▶ DATA SECTION
>>>

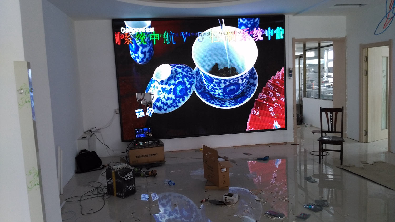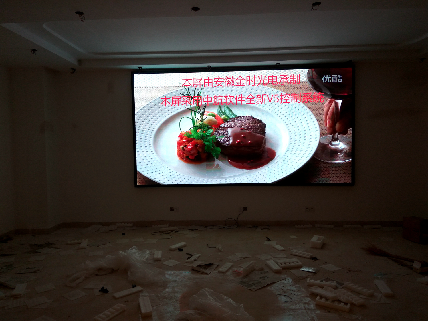 遼寧省鐵嶺市昌圖縣金家鎮(zhèn)某飯店,戶內(nèi)p5單卡帶載256高192寬,1張發(fā)送卡8張接收卡。中航V5全彩系統(tǒng),讓效果證明實力!
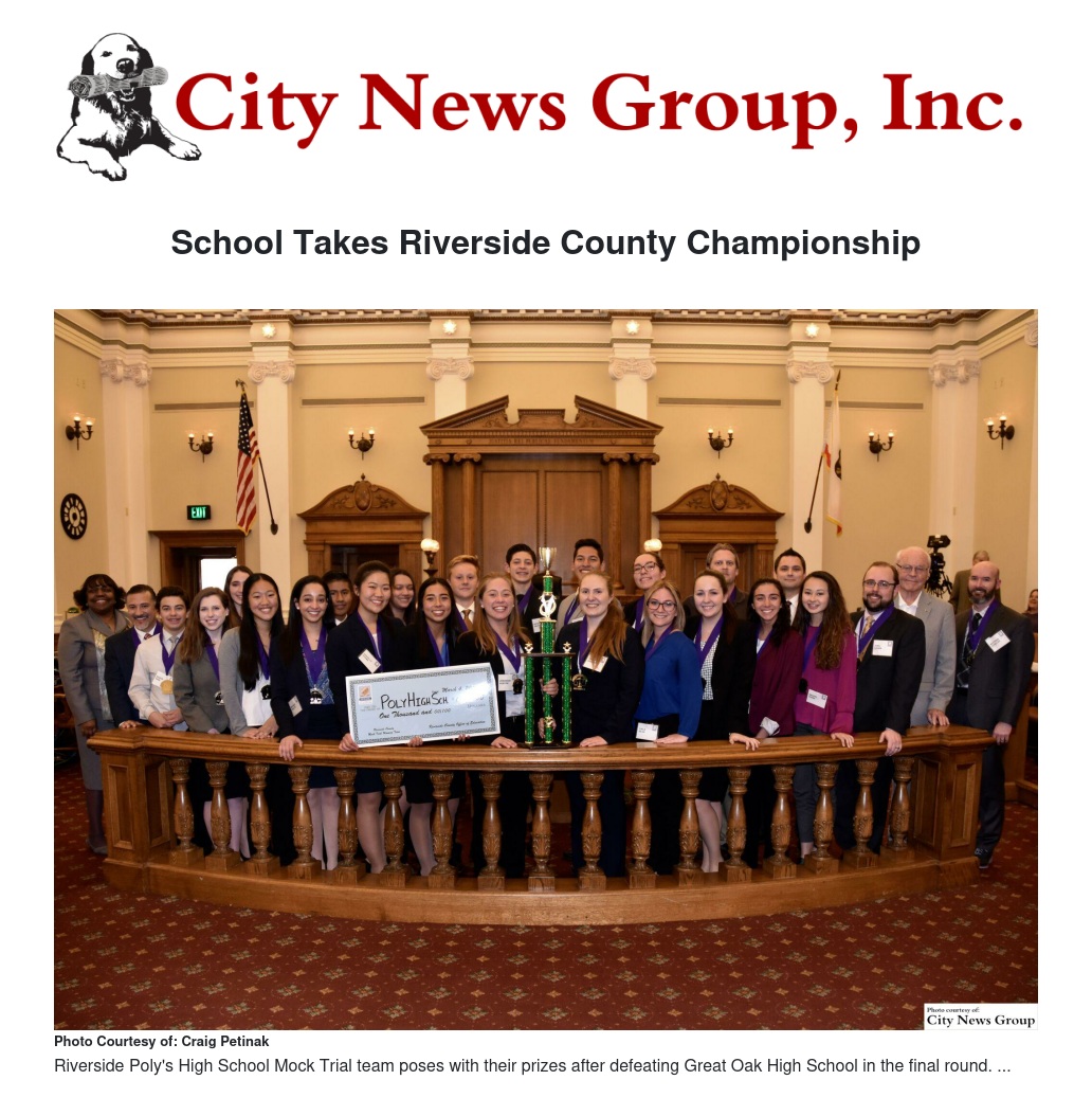 RIVERSIDE>> The verdict is in, and Poly High School from Riverside Unified School District has been named the overall champion at the 34th Annual Riverside County Mock Trial Competition after defeating Great Oak High School from Temecula Valley Unified School District in the finals on Saturday, March 4 at the Riverside Historic Courthouse.
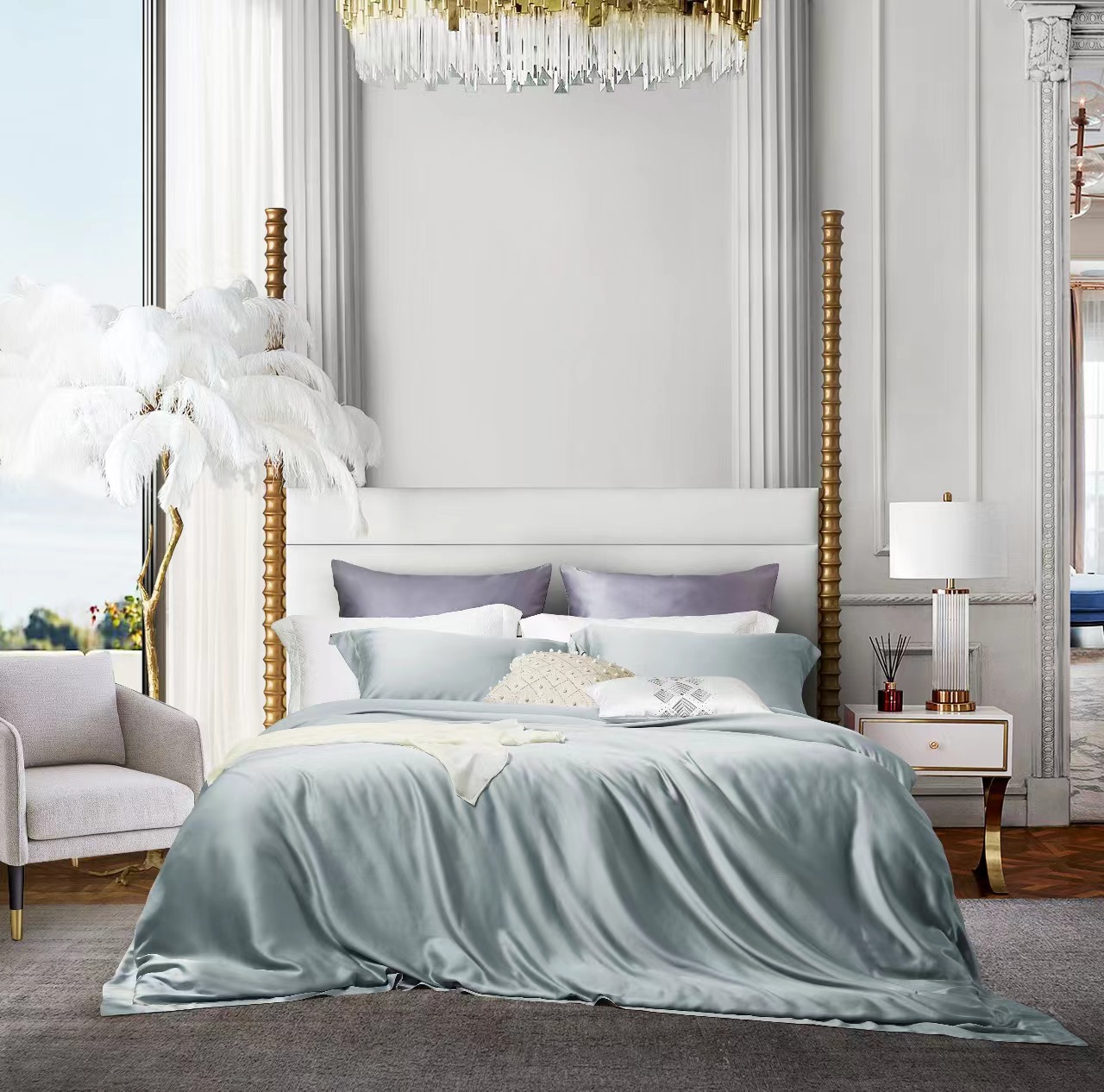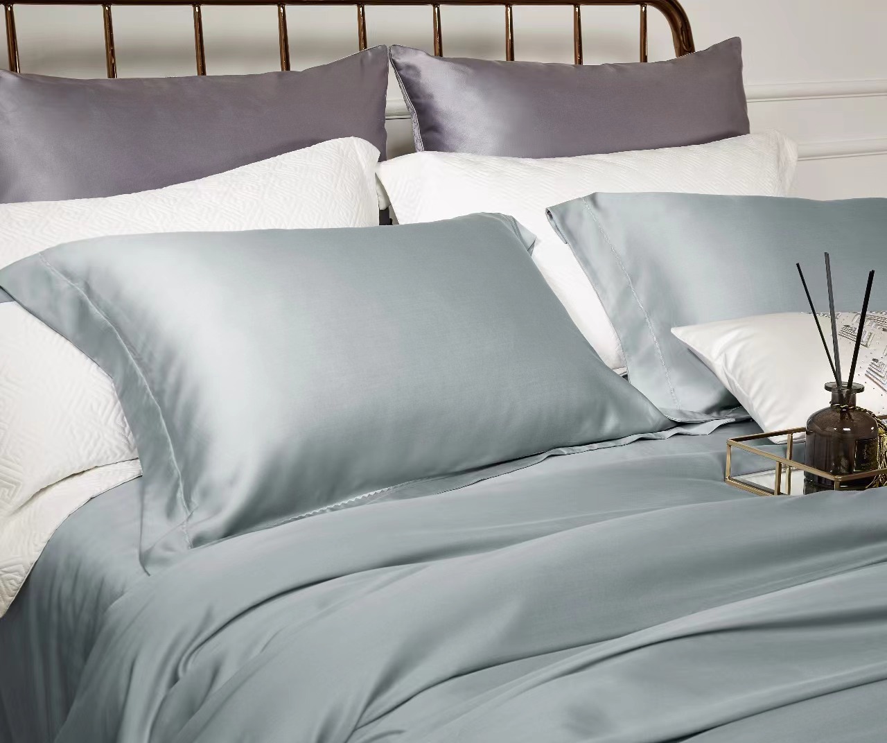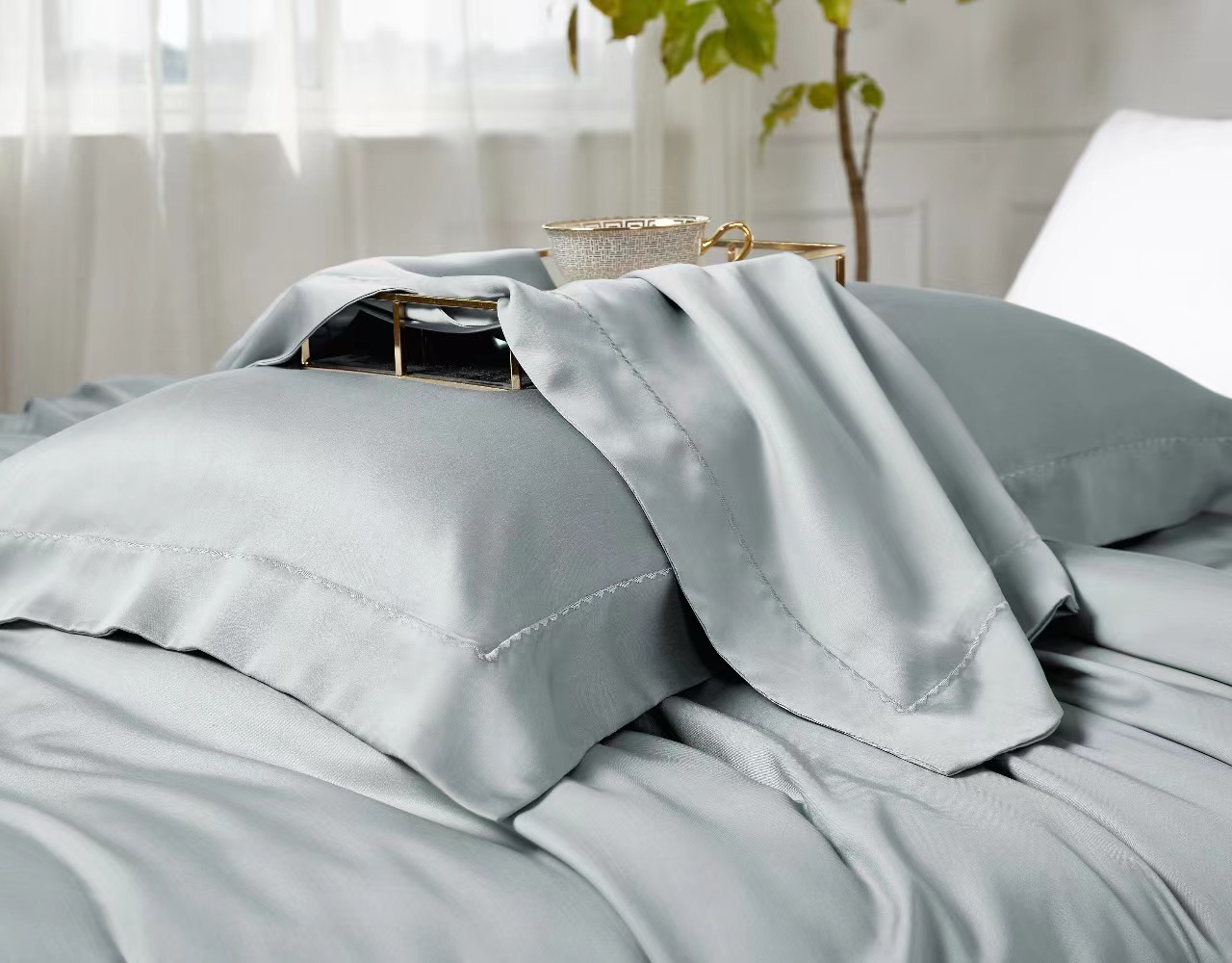 利路米百支纯色奥地利兰精天丝面料四件套 灰绿

<<<

▶ YOUR INSTRUCTIONS
Return the material above exactly; the images stay out.

▶ SOLVED EXERCISE
 遼寧省鐵嶺市昌圖縣金家鎮(zhèn)某飯店,戶內(nèi)p5單卡帶載256高192寬,1張發(fā)送卡8張接收卡。中航V5全彩系統(tǒng),讓效果證明實力!
 RIVERSIDE>> The verdict is in, and Poly High School from Riverside Unified School District has been named the overall champion at the 34th Annual Riverside County Mock Trial Competition after defeating Great Oak High School from Temecula Valley Unified School District in the finals on Saturday, March 4 at the Riverside Historic Courthouse.
 利路米百支纯色奥地利兰精天丝面料四件套 灰绿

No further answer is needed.